Task to complete: Pictures are not part of the copy. Write out exactly the lines from the line with "如图,△ABC为等边三角形,∠BAD=∠ACF=∠CBE,求∠DEC的度数。" through the end of the entries below.

-- Opening Marker --

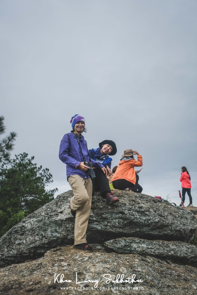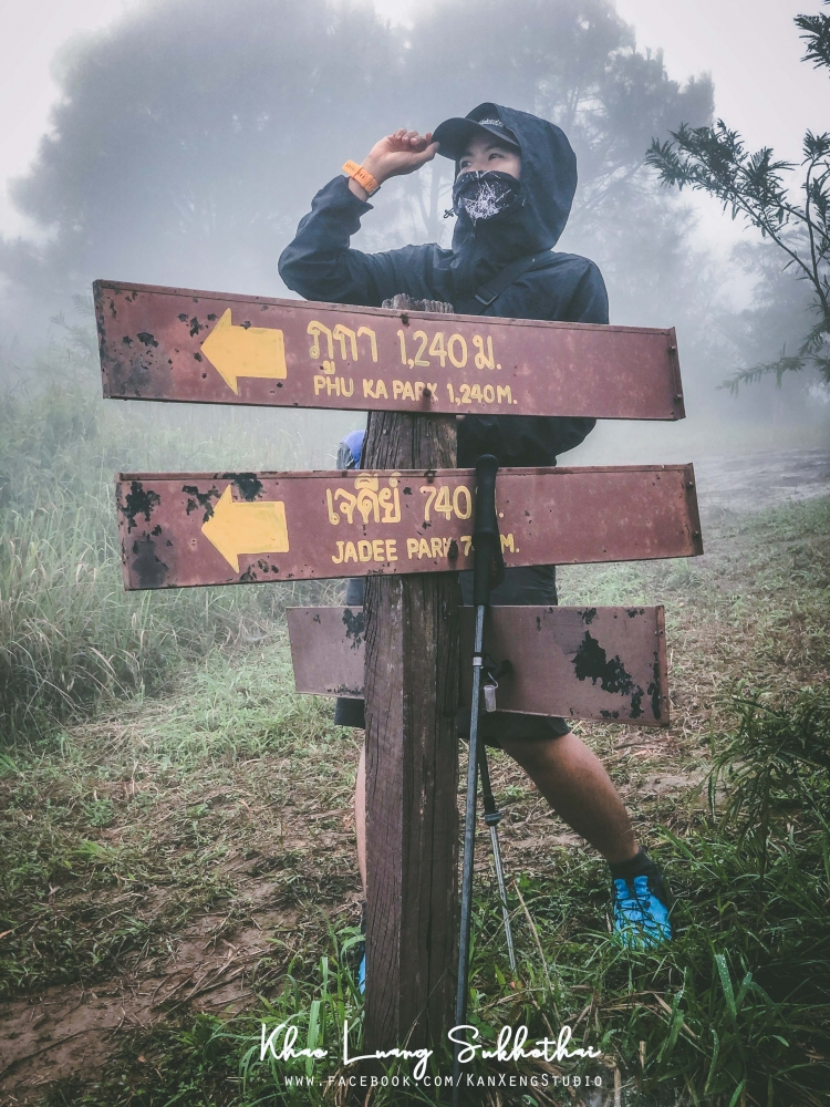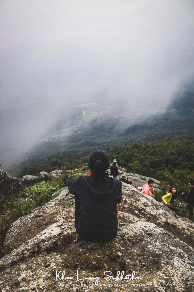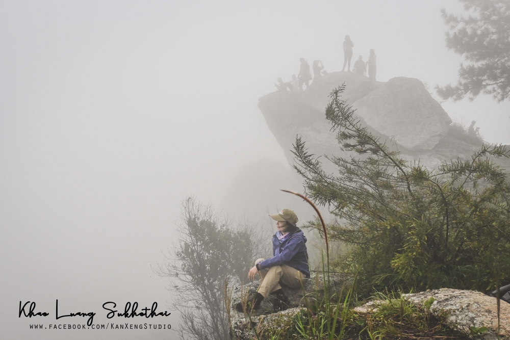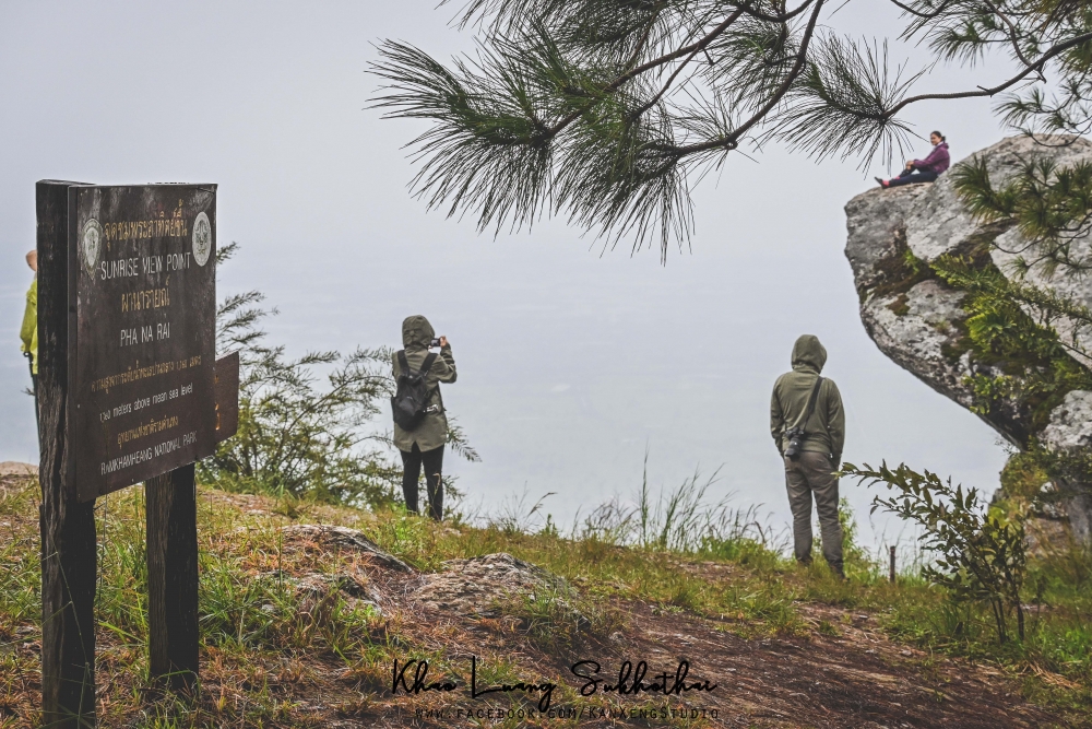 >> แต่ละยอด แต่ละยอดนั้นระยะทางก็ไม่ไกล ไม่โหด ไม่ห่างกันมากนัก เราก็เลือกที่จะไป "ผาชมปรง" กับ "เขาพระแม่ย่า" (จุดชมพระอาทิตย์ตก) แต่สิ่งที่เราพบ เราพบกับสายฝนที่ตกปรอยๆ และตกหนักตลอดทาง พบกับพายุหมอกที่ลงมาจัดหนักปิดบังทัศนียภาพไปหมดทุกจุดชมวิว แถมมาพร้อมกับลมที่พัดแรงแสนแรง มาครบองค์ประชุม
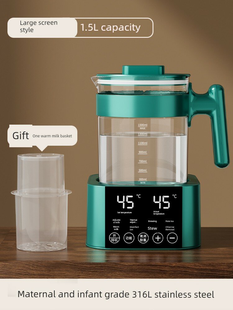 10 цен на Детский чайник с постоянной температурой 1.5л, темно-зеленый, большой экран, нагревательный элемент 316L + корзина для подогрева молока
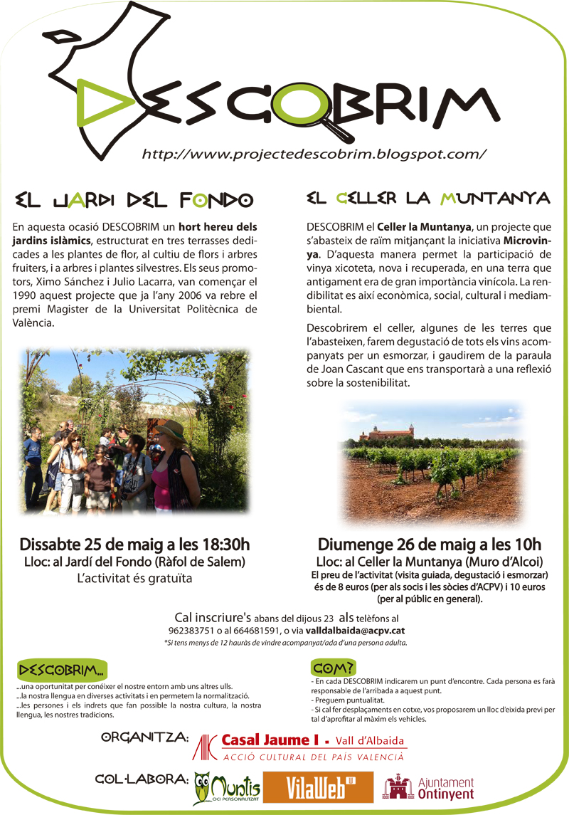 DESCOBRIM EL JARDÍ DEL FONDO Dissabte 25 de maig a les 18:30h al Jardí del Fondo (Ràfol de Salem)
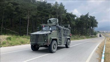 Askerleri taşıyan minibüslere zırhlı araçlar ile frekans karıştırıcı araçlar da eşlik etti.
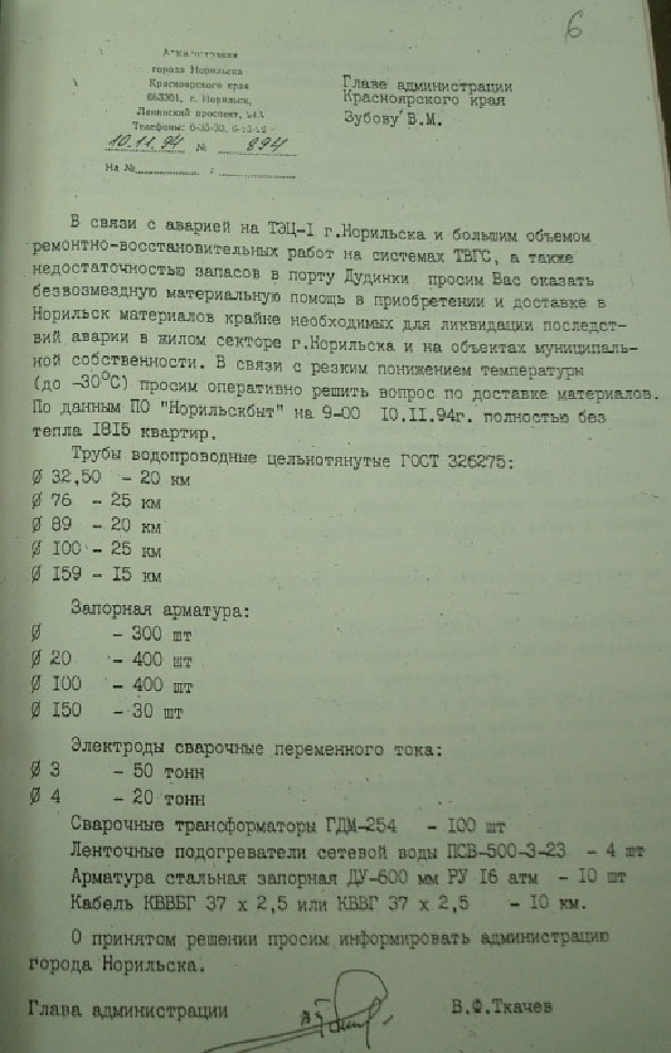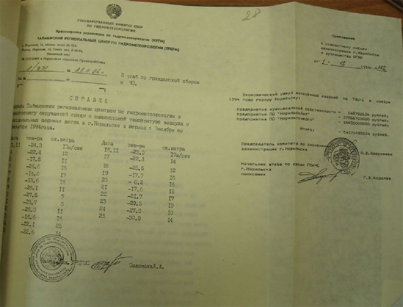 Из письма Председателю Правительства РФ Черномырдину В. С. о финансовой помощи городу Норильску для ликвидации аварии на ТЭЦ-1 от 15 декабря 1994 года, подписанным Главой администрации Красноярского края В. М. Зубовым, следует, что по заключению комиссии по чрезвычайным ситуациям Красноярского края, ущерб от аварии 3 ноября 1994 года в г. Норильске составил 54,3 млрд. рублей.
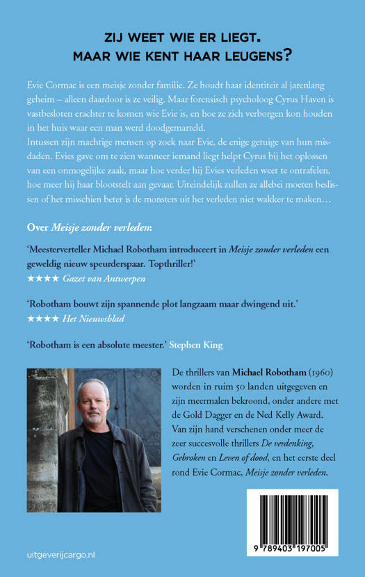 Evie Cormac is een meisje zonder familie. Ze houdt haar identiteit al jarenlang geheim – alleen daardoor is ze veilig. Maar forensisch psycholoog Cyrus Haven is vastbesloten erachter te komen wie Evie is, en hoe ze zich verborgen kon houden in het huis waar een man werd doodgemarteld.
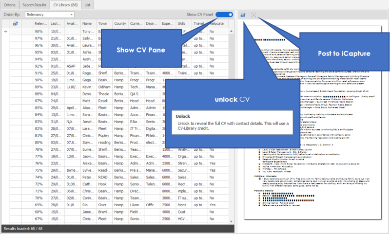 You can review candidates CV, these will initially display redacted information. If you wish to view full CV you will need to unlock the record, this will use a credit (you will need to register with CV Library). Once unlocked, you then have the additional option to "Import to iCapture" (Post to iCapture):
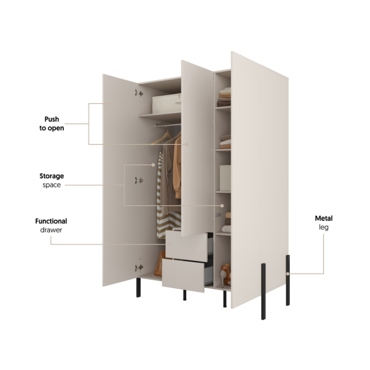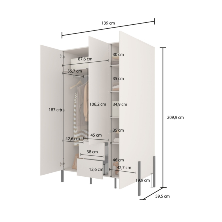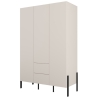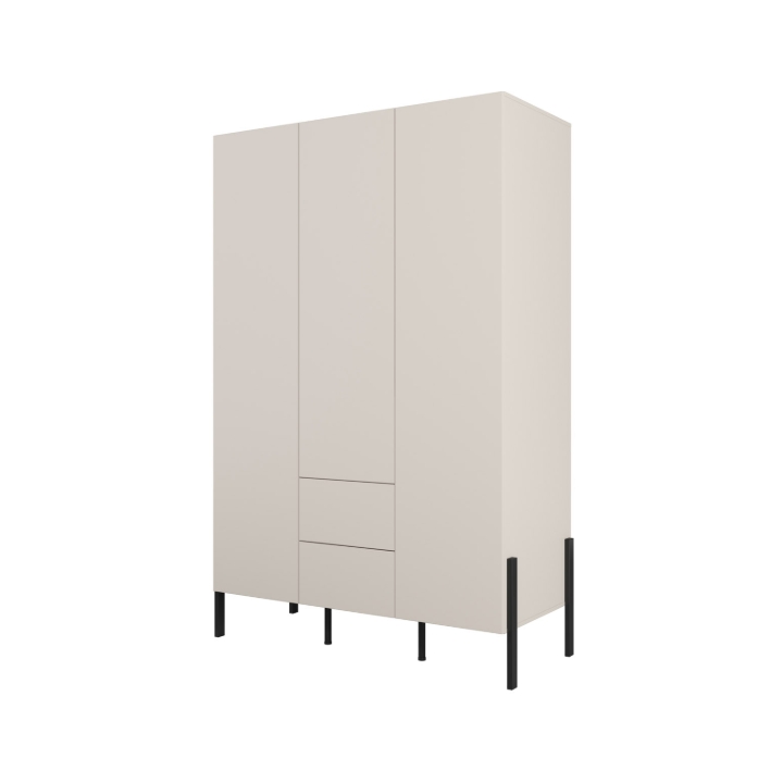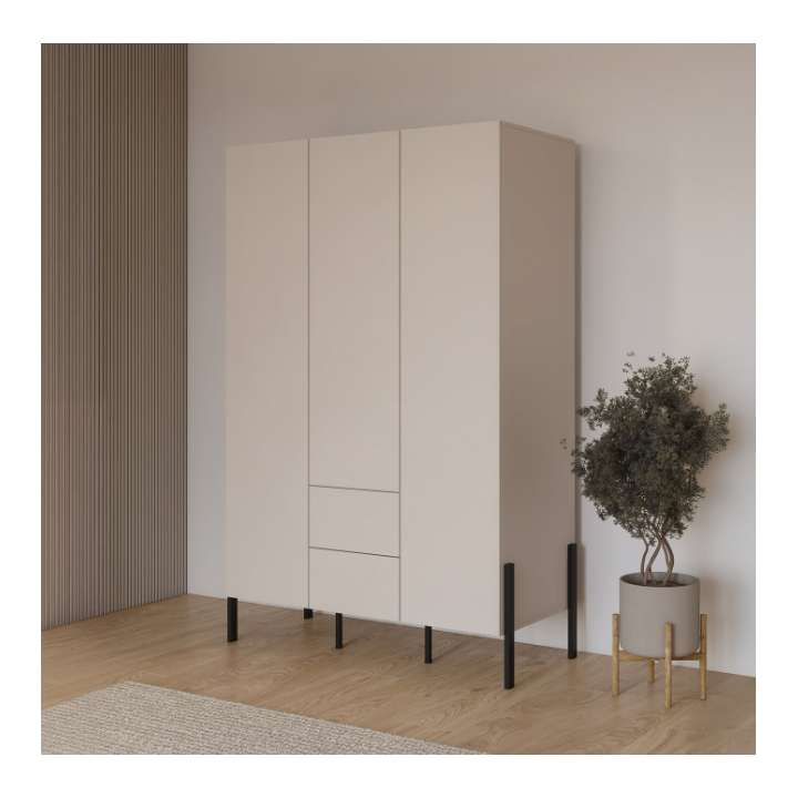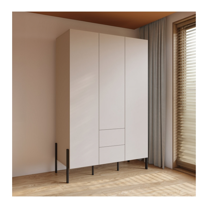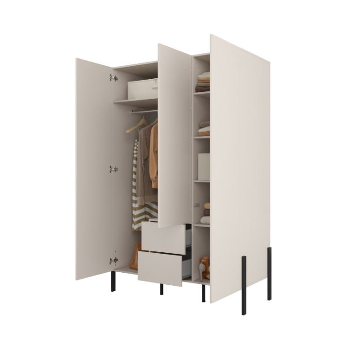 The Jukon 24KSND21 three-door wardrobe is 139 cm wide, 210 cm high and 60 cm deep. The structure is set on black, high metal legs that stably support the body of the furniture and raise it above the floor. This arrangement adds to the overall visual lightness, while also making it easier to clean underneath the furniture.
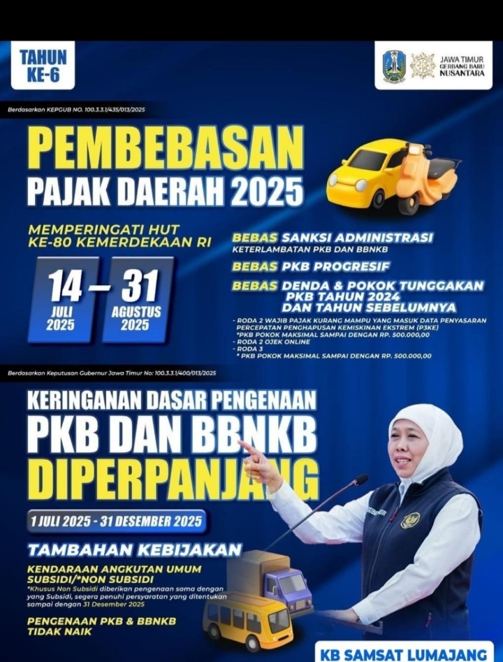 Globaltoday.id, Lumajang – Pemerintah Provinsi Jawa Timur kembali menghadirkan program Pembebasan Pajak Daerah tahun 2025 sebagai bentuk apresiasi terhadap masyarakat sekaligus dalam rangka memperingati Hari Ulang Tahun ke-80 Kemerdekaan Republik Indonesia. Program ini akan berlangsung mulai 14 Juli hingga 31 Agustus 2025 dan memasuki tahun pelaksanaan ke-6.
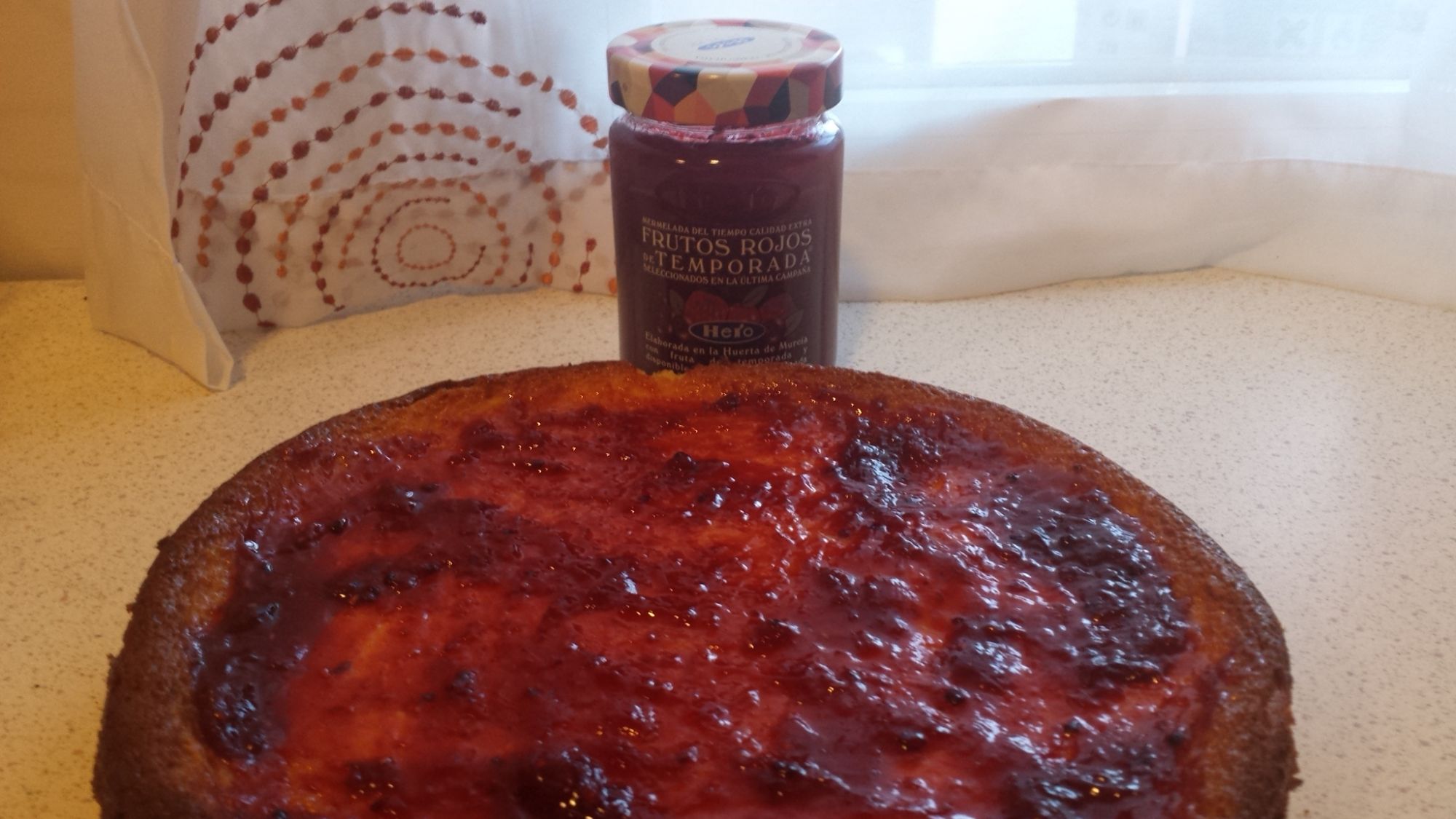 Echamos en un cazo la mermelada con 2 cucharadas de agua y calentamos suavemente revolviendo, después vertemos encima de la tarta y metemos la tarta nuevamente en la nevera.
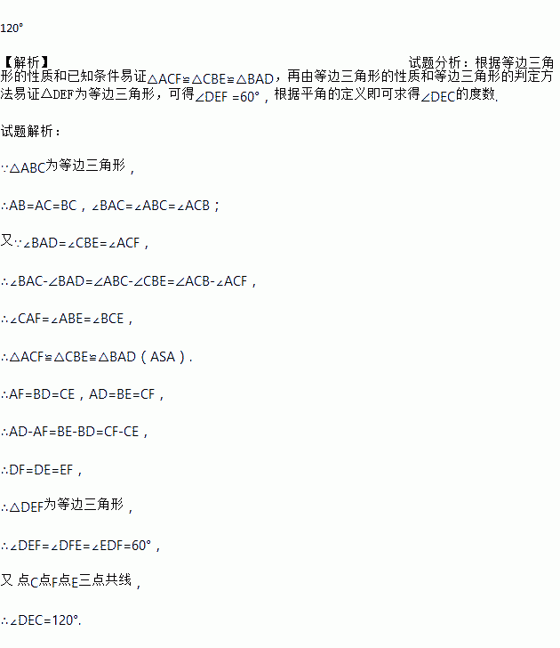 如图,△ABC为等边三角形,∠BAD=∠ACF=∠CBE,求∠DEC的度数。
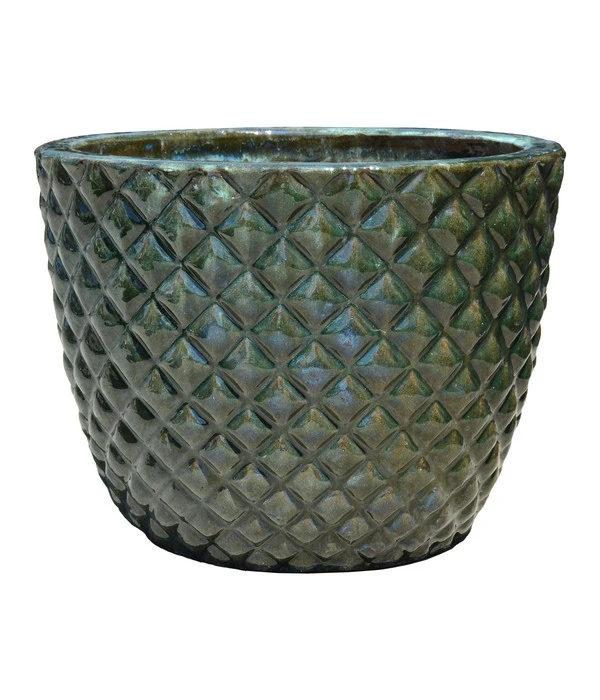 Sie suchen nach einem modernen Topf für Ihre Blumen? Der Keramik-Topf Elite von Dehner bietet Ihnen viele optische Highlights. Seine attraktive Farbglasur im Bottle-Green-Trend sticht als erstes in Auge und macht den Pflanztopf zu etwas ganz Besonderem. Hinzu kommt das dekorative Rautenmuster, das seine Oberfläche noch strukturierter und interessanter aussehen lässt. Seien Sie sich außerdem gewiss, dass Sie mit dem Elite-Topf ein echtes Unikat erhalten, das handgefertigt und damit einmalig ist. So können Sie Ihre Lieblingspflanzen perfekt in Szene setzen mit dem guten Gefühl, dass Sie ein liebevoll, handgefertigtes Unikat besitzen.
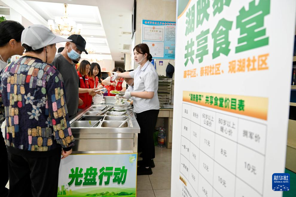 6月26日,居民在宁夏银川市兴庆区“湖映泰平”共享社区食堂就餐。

-- Closing Marker --

Exercise answer:
 如图,△ABC为等边三角形,∠BAD=∠ACF=∠CBE,求∠DEC的度数。
 Sie suchen nach einem modernen Topf für Ihre Blumen? Der Keramik-Topf Elite von Dehner bietet Ihnen viele optische Highlights. Seine attraktive Farbglasur im Bottle-Green-Trend sticht als erstes in Auge und macht den Pflanztopf zu etwas ganz Besonderem. Hinzu kommt das dekorative Rautenmuster, das seine Oberfläche noch strukturierter und interessanter aussehen lässt. Seien Sie sich außerdem gewiss, dass Sie mit dem Elite-Topf ein echtes Unikat erhalten, das handgefertigt und damit einmalig ist. So können Sie Ihre Lieblingspflanzen perfekt in Szene setzen mit dem guten Gefühl, dass Sie ein liebevoll, handgefertigtes Unikat besitzen.
 6月26日,居民在宁夏银川市兴庆区“湖映泰平”共享社区食堂就餐。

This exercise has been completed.